PROBLEM TO WORK ON: With pictures removed, print the listing exactly.

SUPPLIED MATERIAL:
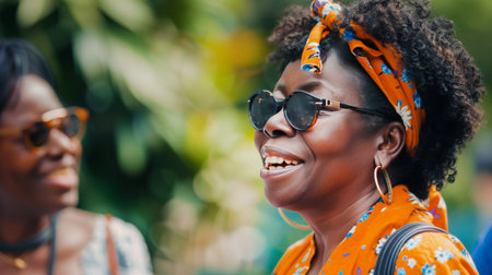A vibrant group of women sporting stylish sunglasses during Juneteenth celebrations.
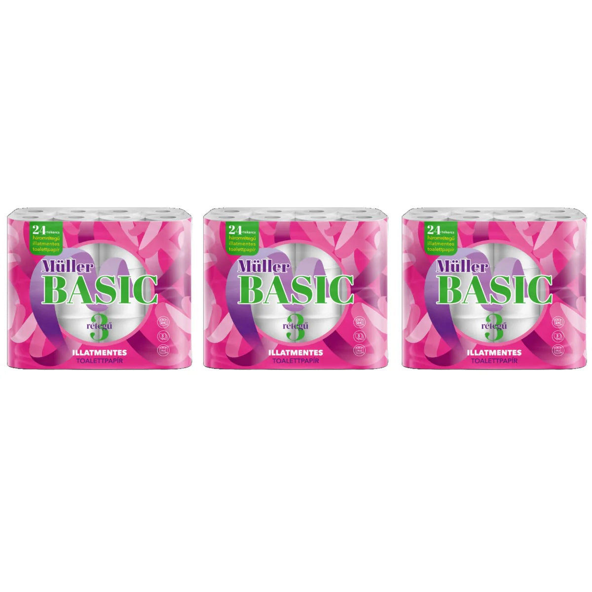 Müller Basic 3 rétegű illatmentes toalettpapír 24 tekercs
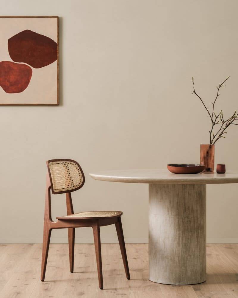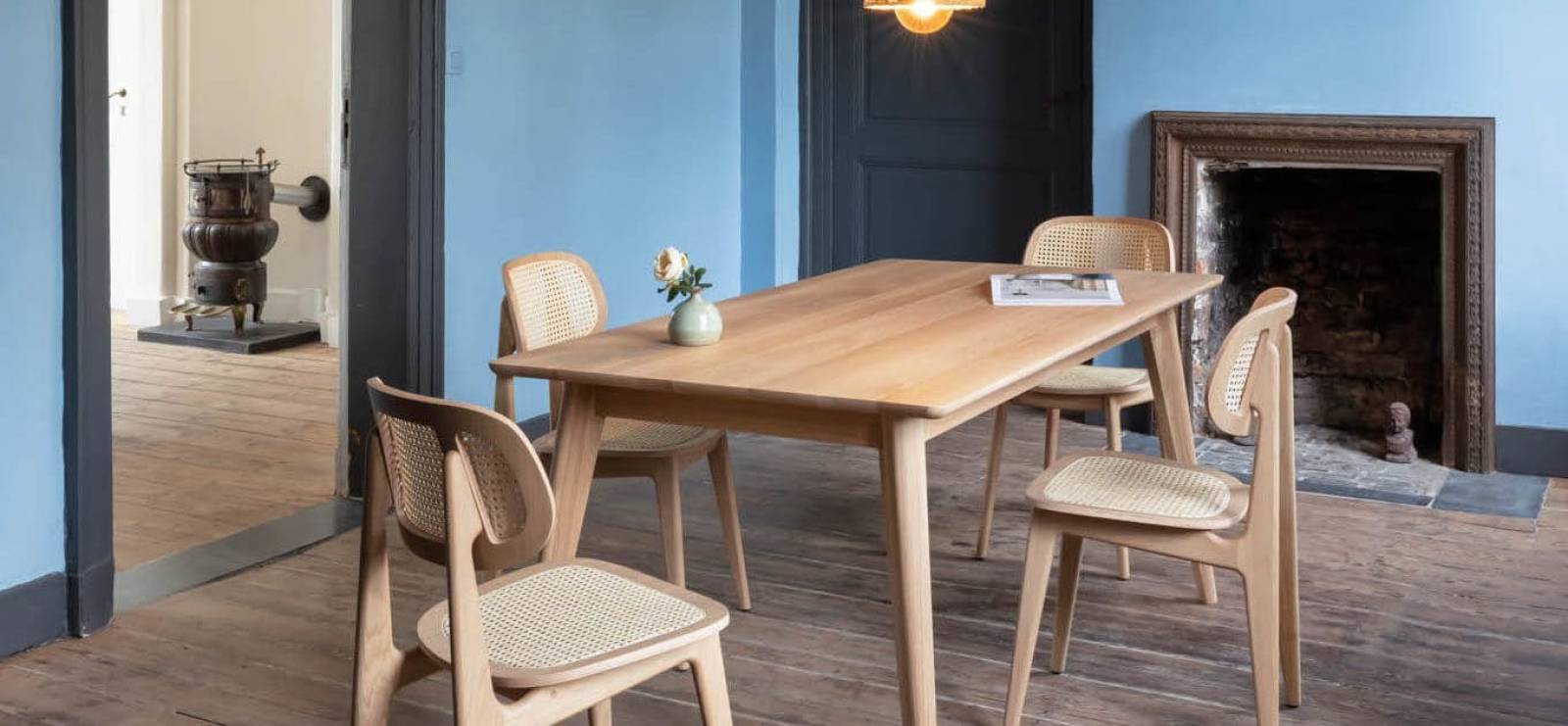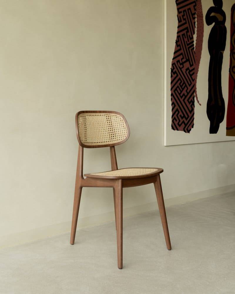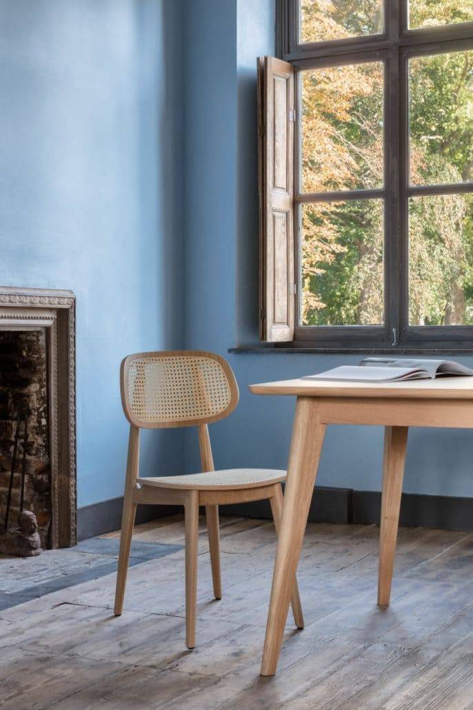 La chaise repas TITUS se compose d’une assise et dossier en cannage naturel. Sa structure est en chêne dans sa version naturel et en hêtre dans sa version noire.
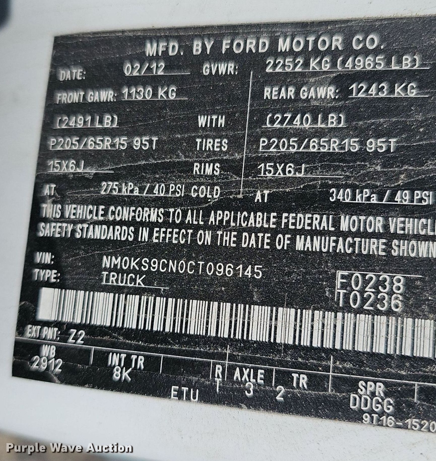 2012 Ford Transit Connect XLT handicap accessible van. Miles: 144,994 on odometer, VIN: NM0KS9CN0CT096145, Unit #: 156. Engine Displacement: 2.0L L4 DOHC, Cylinders: 4, Fuel type: Gas. Transmission Automatic. Interior AC, heat, Power windows, power locks, Cruise control. Features Wheelchair ramp. Tires Size: 205/65R15. Notes Non-operational passenger rear door, Windshield chipped or cracked, Dead battery. Kansas title. Title distribution may be delayed up to 14 days from verification of funds. Johnson County Transit. Olathe, KS 66061

EXERCISE ANSWER:
A vibrant group of women sporting stylish sunglasses during Juneteenth celebrations.
 Müller Basic 3 rétegű illatmentes toalettpapír 24 tekercs
 La chaise repas TITUS se compose d’une assise et dossier en cannage naturel. Sa structure est en chêne dans sa version naturel et en hêtre dans sa version noire.
 2012 Ford Transit Connect XLT handicap accessible van. Miles: 144,994 on odometer, VIN: NM0KS9CN0CT096145, Unit #: 156. Engine Displacement: 2.0L L4 DOHC, Cylinders: 4, Fuel type: Gas. Transmission Automatic. Interior AC, heat, Power windows, power locks, Cruise control. Features Wheelchair ramp. Tires Size: 205/65R15. Notes Non-operational passenger rear door, Windshield chipped or cracked, Dead battery. Kansas title. Title distribution may be delayed up to 14 days from verification of funds. Johnson County Transit. Olathe, KS 66061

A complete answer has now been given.